Diversification Opportunities for Shenzhen Hifuture and Shandong Huifa
0.61 | Correlation Coefficient |
Poor diversification
The 3 months correlation between Shenzhen and Shandong is 0.61. Overlapping area represents the amount of risk that can be diversified away by holding Shenzhen Hifuture Electric and Shandong Huifa Foodstuff in the same portfolio, assuming nothing else is changed. The correlation between historical prices or returns on Shandong Huifa Foodstuff and Shenzhen Hifuture is a relative statistical measure of the degree to which these equity instruments tend to move together. The correlation coefficient measures the extent to which returns on Shenzhen Hifuture Electric are associated (or correlated) with Shandong Huifa. Values of the correlation coefficient range from -1 to +1, where. The correlation of zero (0) is possible when the price movement of Shandong Huifa Foodstuff has no effect on the direction of Shenzhen Hifuture i.e., Shenzhen Hifuture and Shandong Huifa go up and down completely randomly.

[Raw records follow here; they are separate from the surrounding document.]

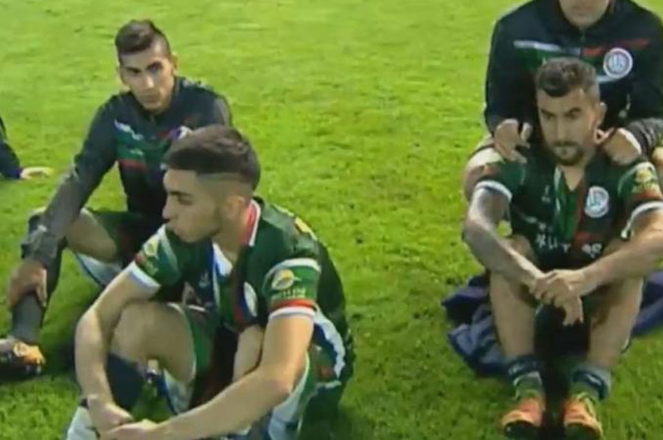 Los jugadores de San Jorge, sentados en el campo de juego (Foto: redes sociales)
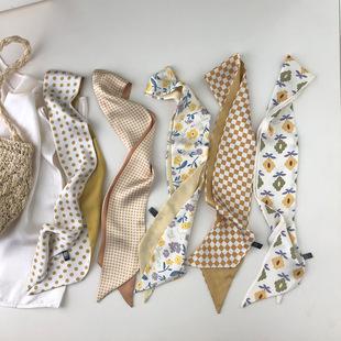 | |  | | | | Lenço de seda pequeno, branco e amarelo, novo estilo na primavera e no verão, faixa de cabelo de fita fina e estreita, elástico de cabelo, bolsa, lenço longo multifuncional | | | | | |
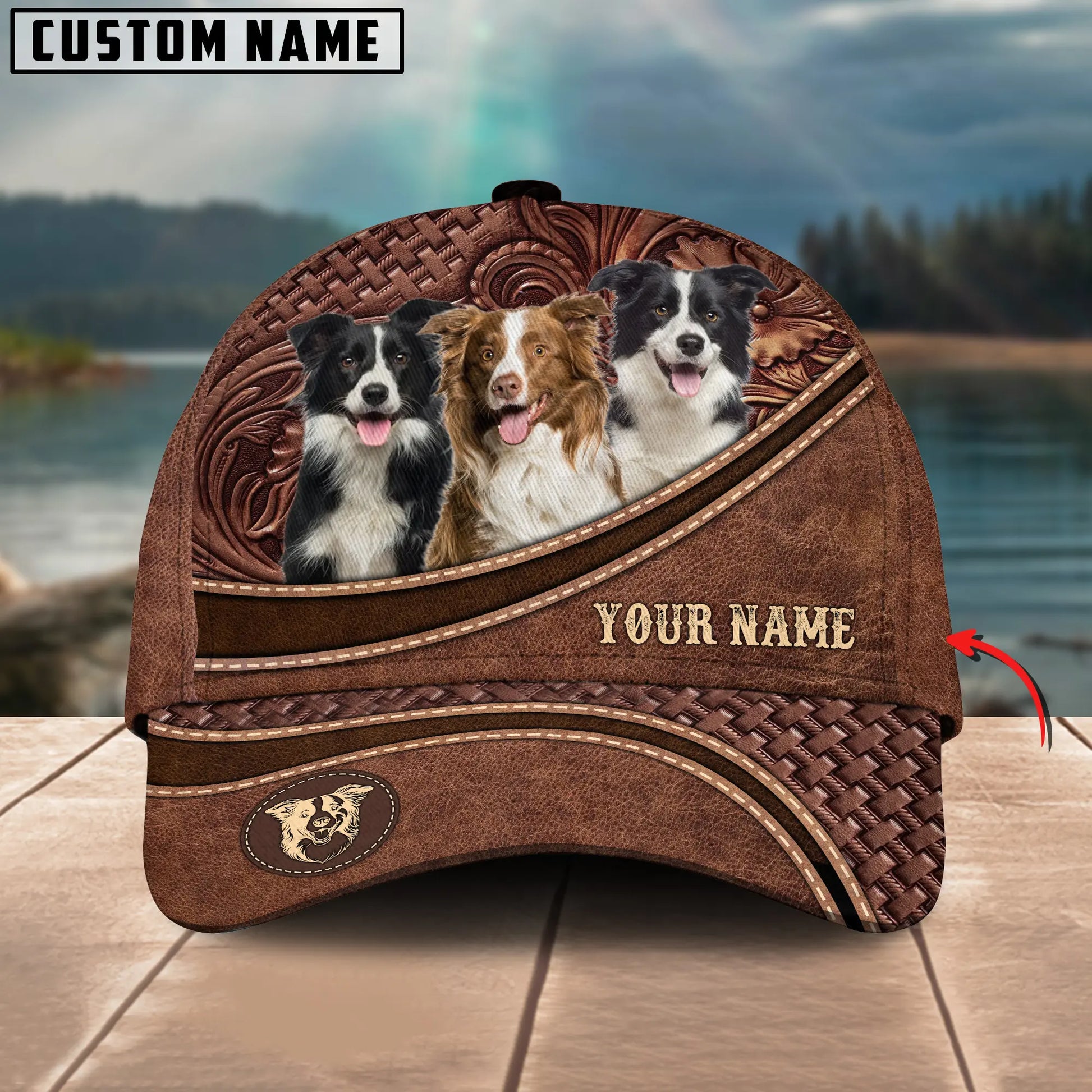 Joycorners Border Collie Personalized Name Brown Carving Leather Pattern 3D Classic Cap
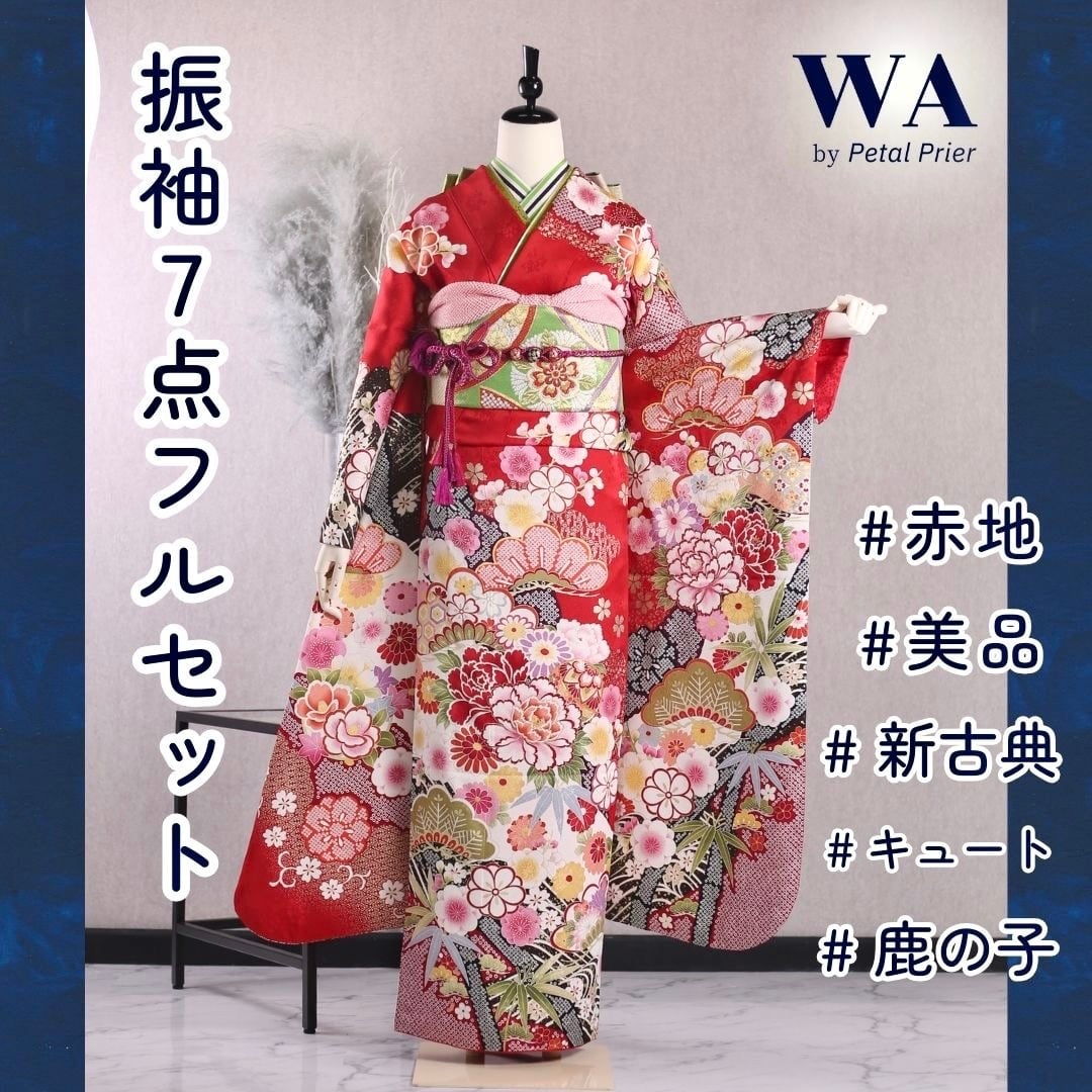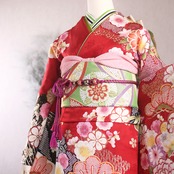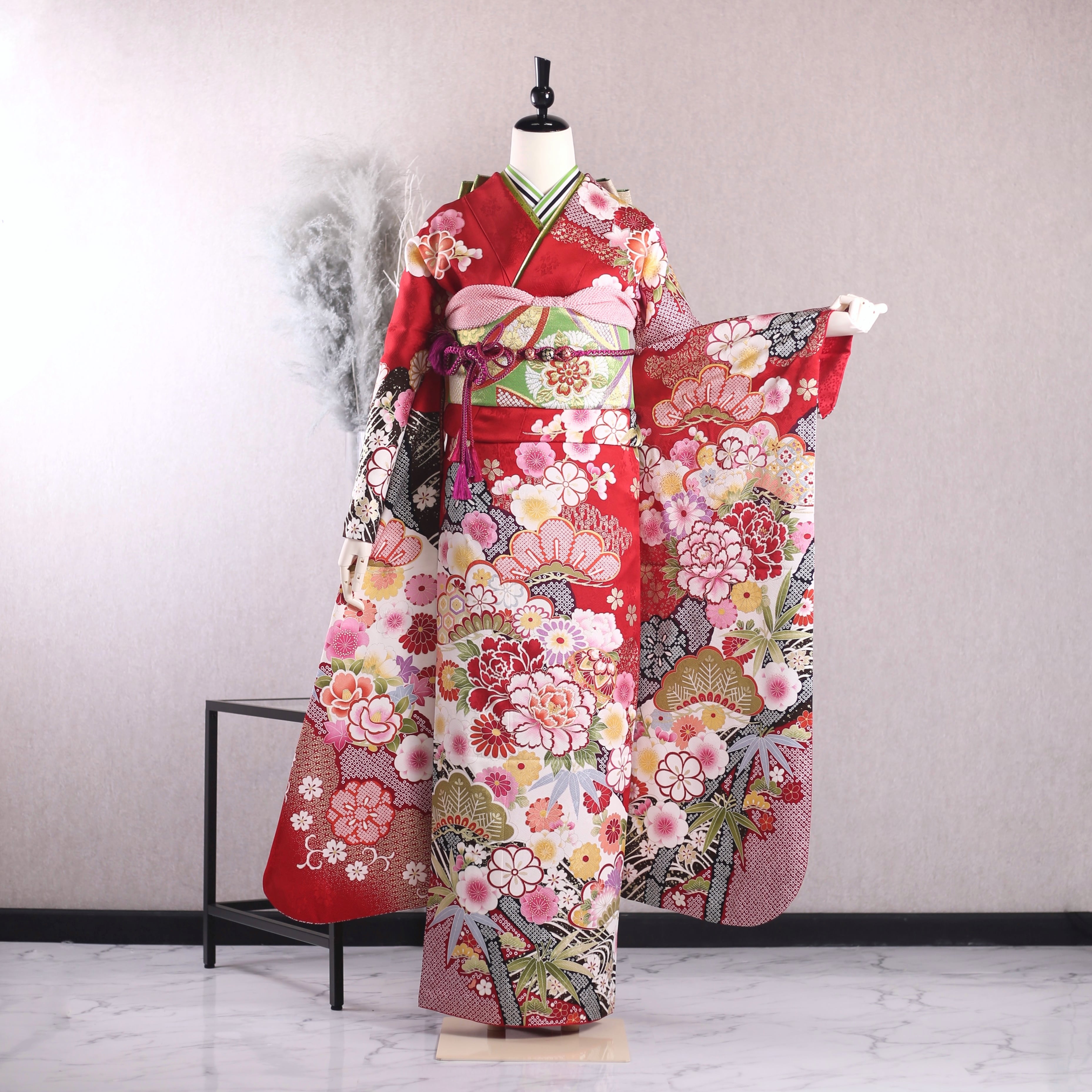 振袖フルセット 振袖セット 振袖 LLサイズ 赤×新古典 美品 成人式 着物 晴れ着 7点フルセット KF-167

Pair Corralation between Shenzhen Hifuture and Shandong Huifa
Assuming the 90 days trading horizon Shenzhen Hifuture Electric is expected to under-perform the Shandong Huifa. But the stock apears to be less risky and, when comparing its historical volatility, Shenzhen Hifuture Electric is 1.08 times less risky than Shandong Huifa. The stock trades about -0.02 of its potential returns per unit of risk. The Shandong Huifa Foodstuff is currently generating about 0.02 of returns per unit of risk over similar time horizon. If you would invest 1,651 in Shandong Huifa Foodstuff on September 14, 2024 and sell it today you would lose (50.00) from holding Shandong Huifa Foodstuff or give up 3.03% of portfolio value over 90 days.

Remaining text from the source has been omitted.